*** Opening of Information shown ***

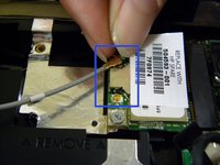 • Remove the single silver screw from the WLAN module, and pull the module away from the slot at a 45-degree angle.
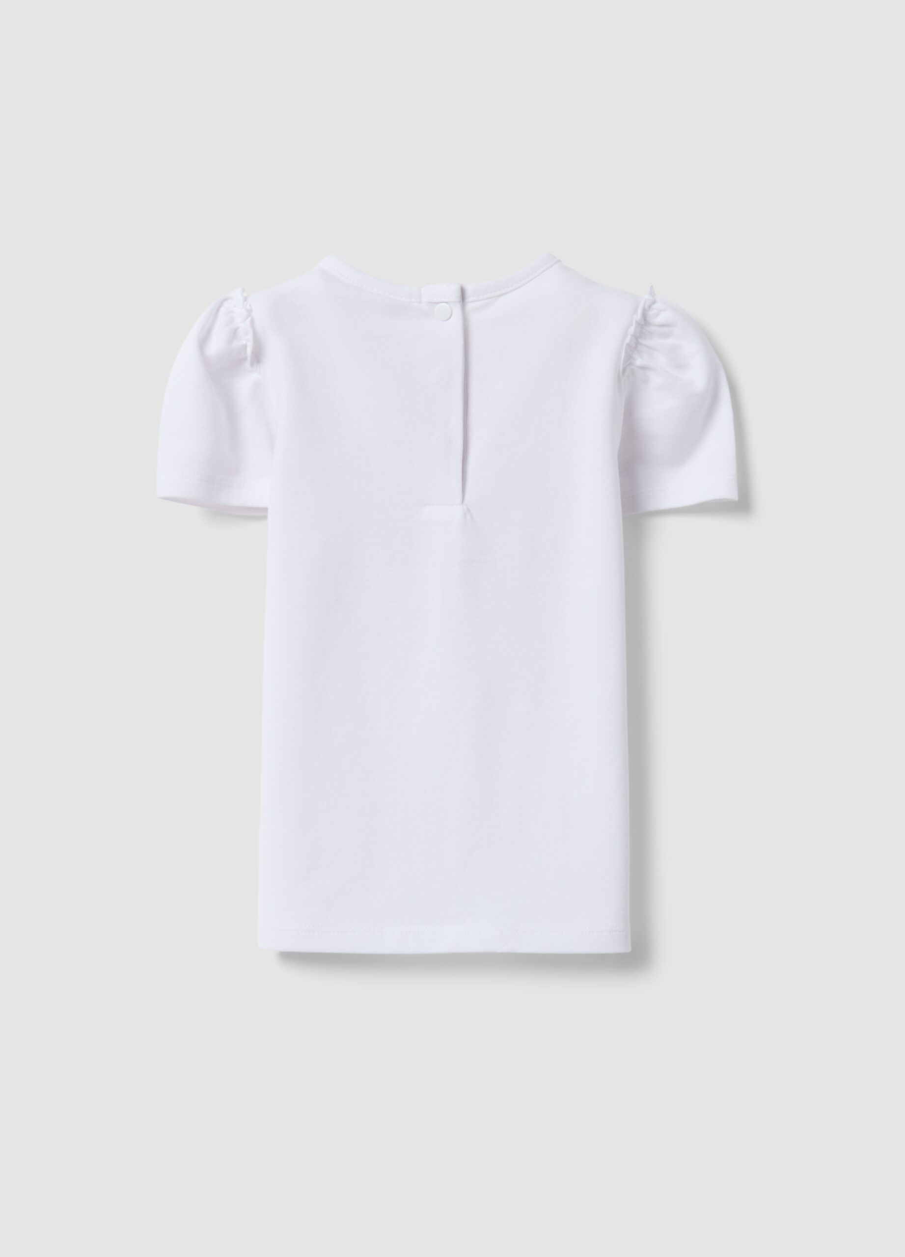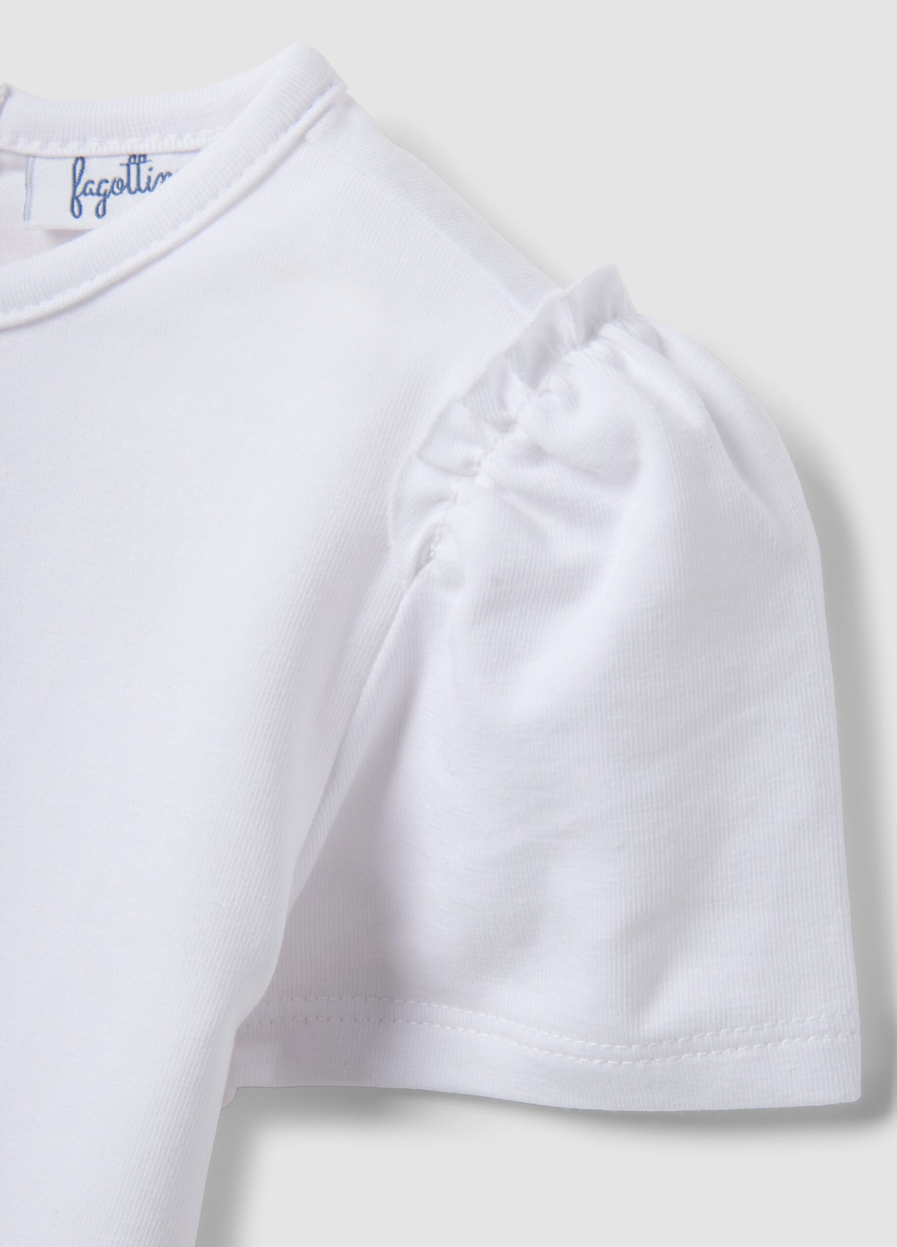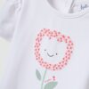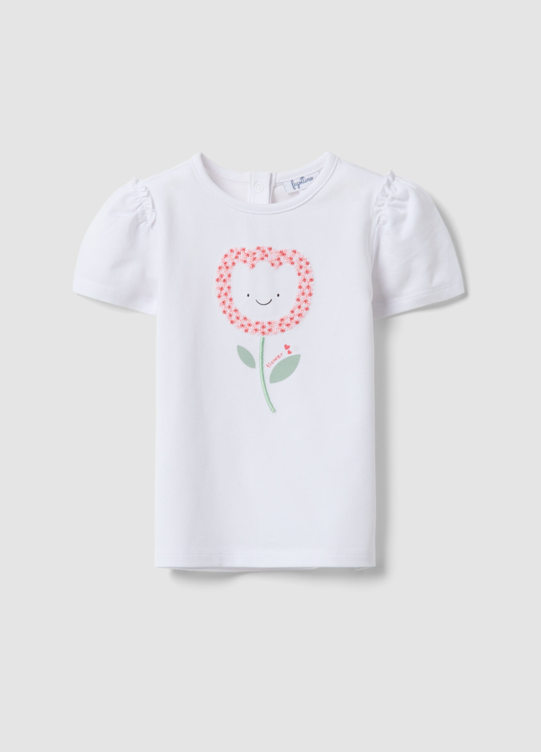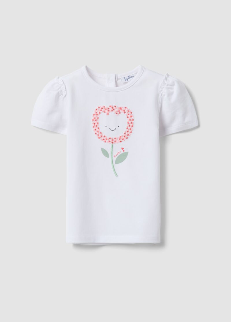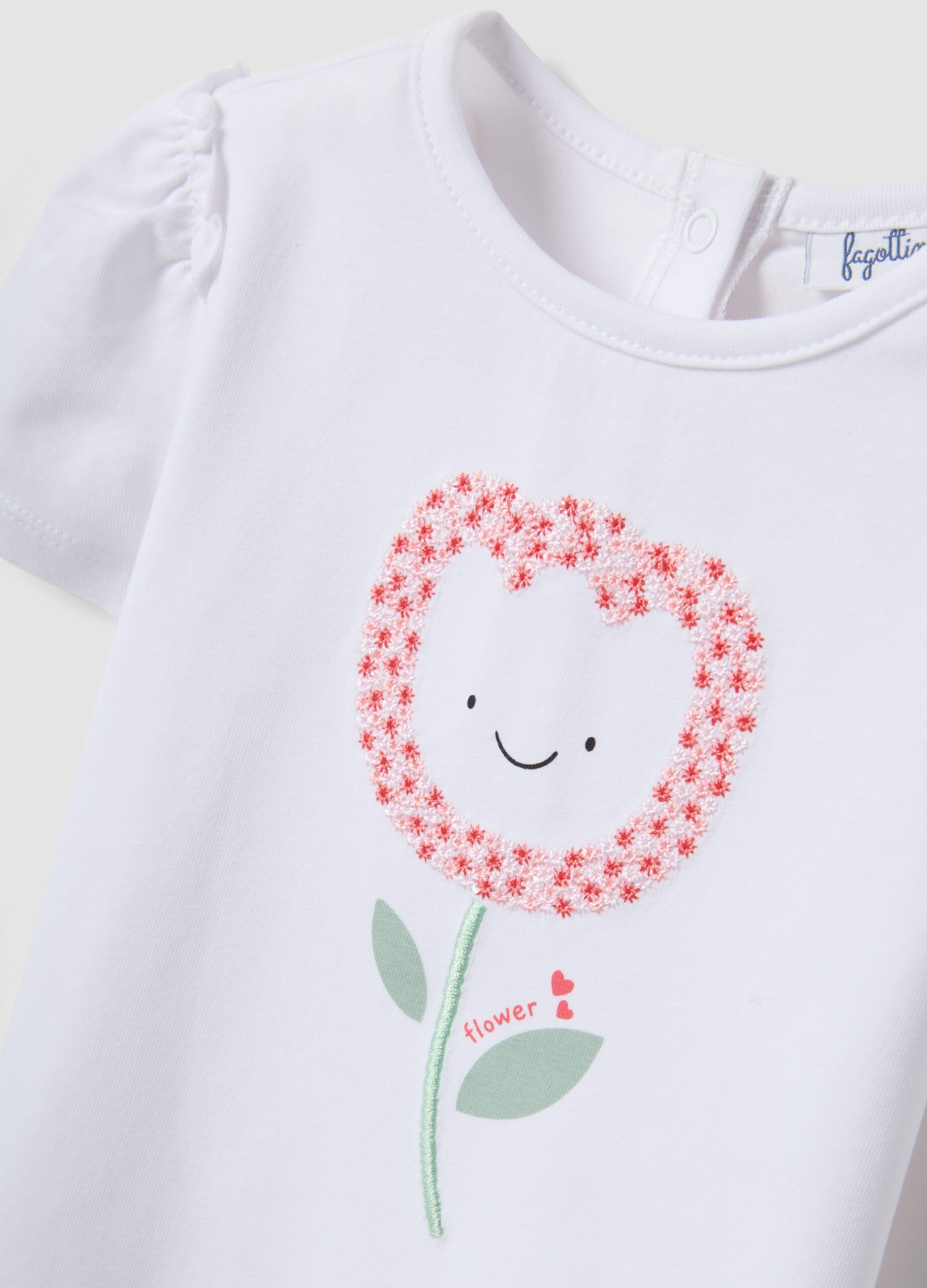 Ce t-shirt blanc de la gamme Fagottino est confectionné en coton extensible, assurant confort et douceur aux filles âgées de 9 à 36 mois. La broderie florale sur le devant ajoute une touche joyeuse au modèle. Doté de manches courtes et d’une encolure ronde, il offre une liberté de mouvement et un habillage facile. Un vêtement polyvalent adapté à toutes les occasions.
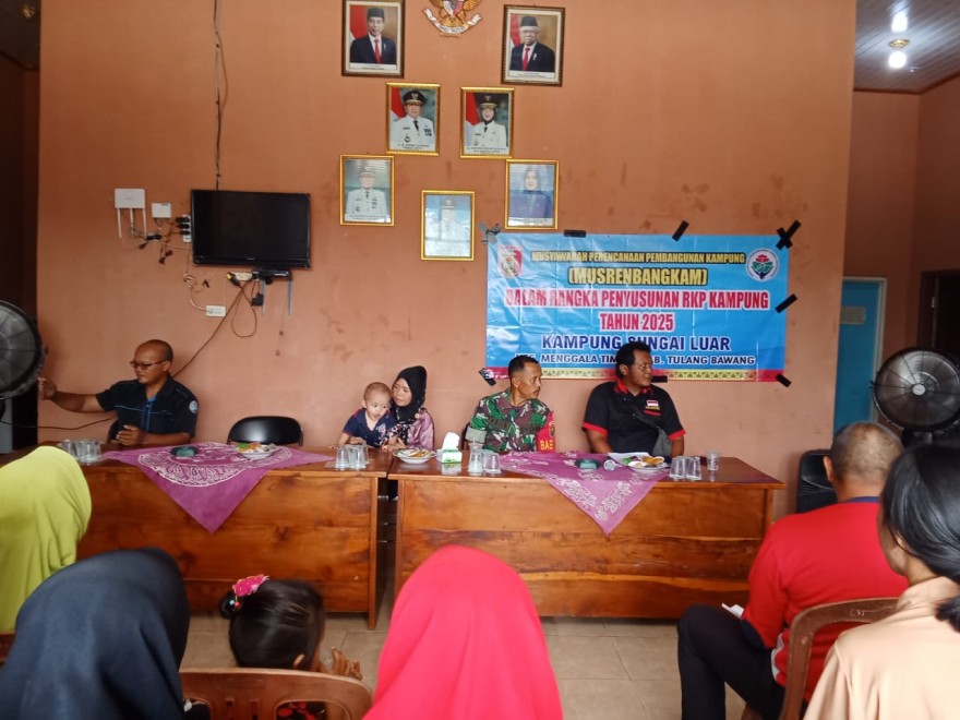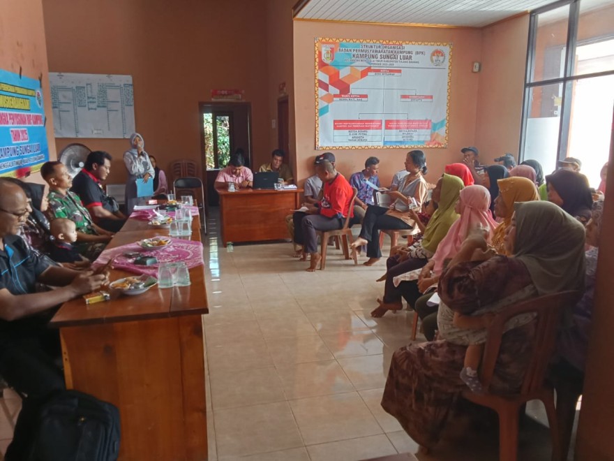 Turut hadir dalam musyawarah, Kepala kampung sungai luar, BPK, Banbinsa, perangkat desa, Ketua TP-PKK,Kader Posyandu, Kader Pembangunan Manusia (KPM), Tokoh Masyarakat, Ketua RT/RW dan Pendamping Desa.
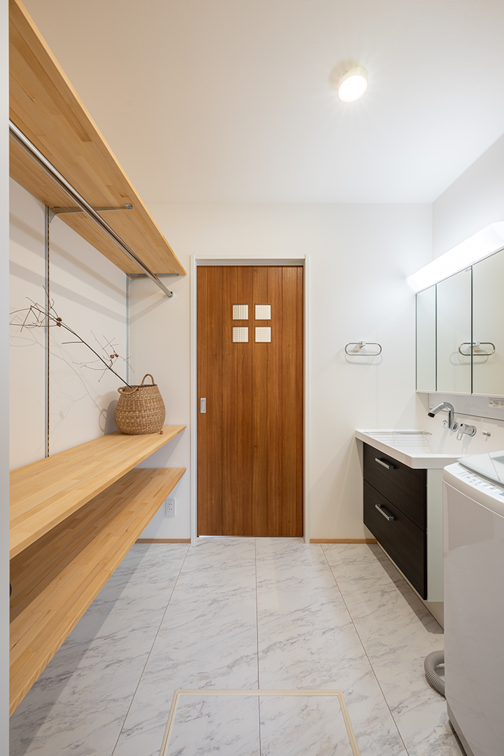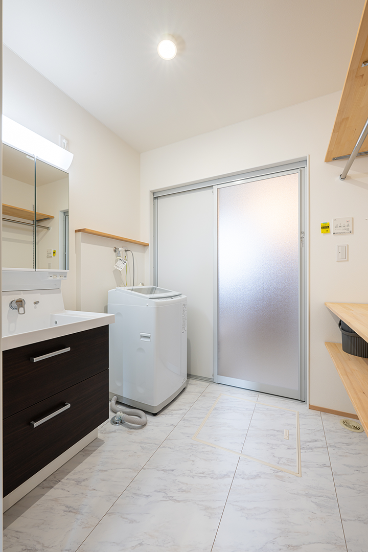 お洗濯と物干しができるよう、広めにスペースを確保。

*** Close of Information shown ***

-- Task statement --
Could you give all of the data again exactly as written, omitting any pictures?

-- Output for this exercise --
 • Remove the single silver screw from the WLAN module, and pull the module away from the slot at a 45-degree angle.
 Ce t-shirt blanc de la gamme Fagottino est confectionné en coton extensible, assurant confort et douceur aux filles âgées de 9 à 36 mois. La broderie florale sur le devant ajoute une touche joyeuse au modèle. Doté de manches courtes et d’une encolure ronde, il offre une liberté de mouvement et un habillage facile. Un vêtement polyvalent adapté à toutes les occasions.
 Turut hadir dalam musyawarah, Kepala kampung sungai luar, BPK, Banbinsa, perangkat desa, Ketua TP-PKK,Kader Posyandu, Kader Pembangunan Manusia (KPM), Tokoh Masyarakat, Ketua RT/RW dan Pendamping Desa.
 お洗濯と物干しができるよう、広めにスペースを確保。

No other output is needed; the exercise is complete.